**Data extract:**
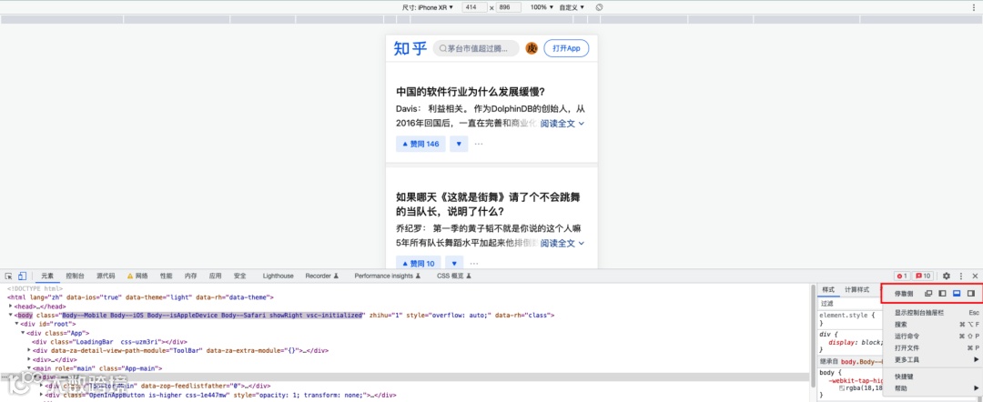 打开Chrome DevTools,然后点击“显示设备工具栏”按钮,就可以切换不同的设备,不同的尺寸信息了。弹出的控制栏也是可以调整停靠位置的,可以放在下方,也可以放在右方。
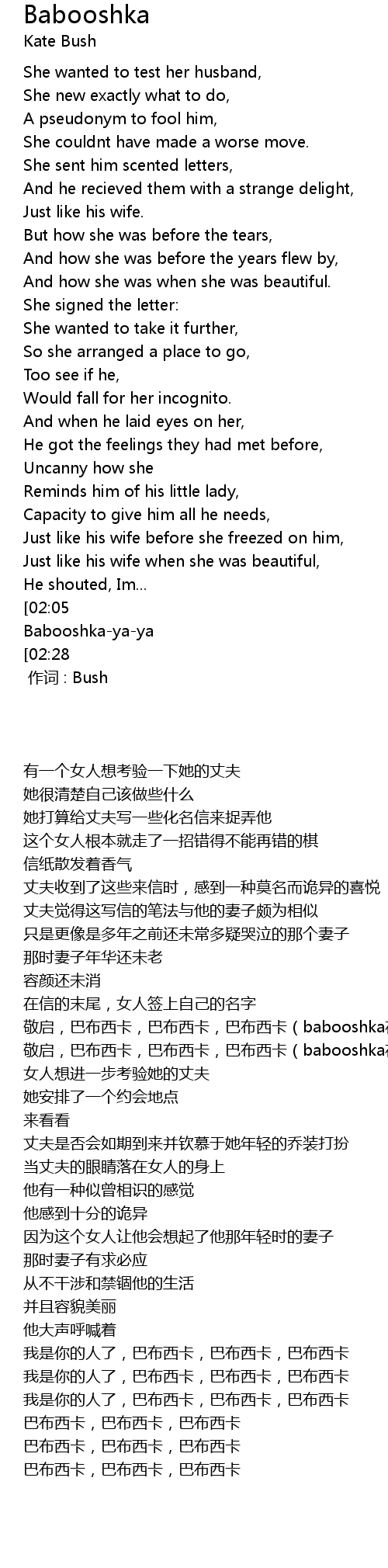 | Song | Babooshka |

==

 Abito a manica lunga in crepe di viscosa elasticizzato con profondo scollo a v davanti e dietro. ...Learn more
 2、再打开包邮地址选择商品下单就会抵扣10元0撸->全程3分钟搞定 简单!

**What needs to be done:**
Reproduce exactly the lines above starting at the line containing "打开Chrome DevTo" and ending at the line containing "Song | Babooshka |", including both, but not the pictures.

**Exercise response:**
 打开Chrome DevTools,然后点击“显示设备工具栏”按钮,就可以切换不同的设备,不同的尺寸信息了。弹出的控制栏也是可以调整停靠位置的,可以放在下方,也可以放在右方。
 | Song | Babooshka |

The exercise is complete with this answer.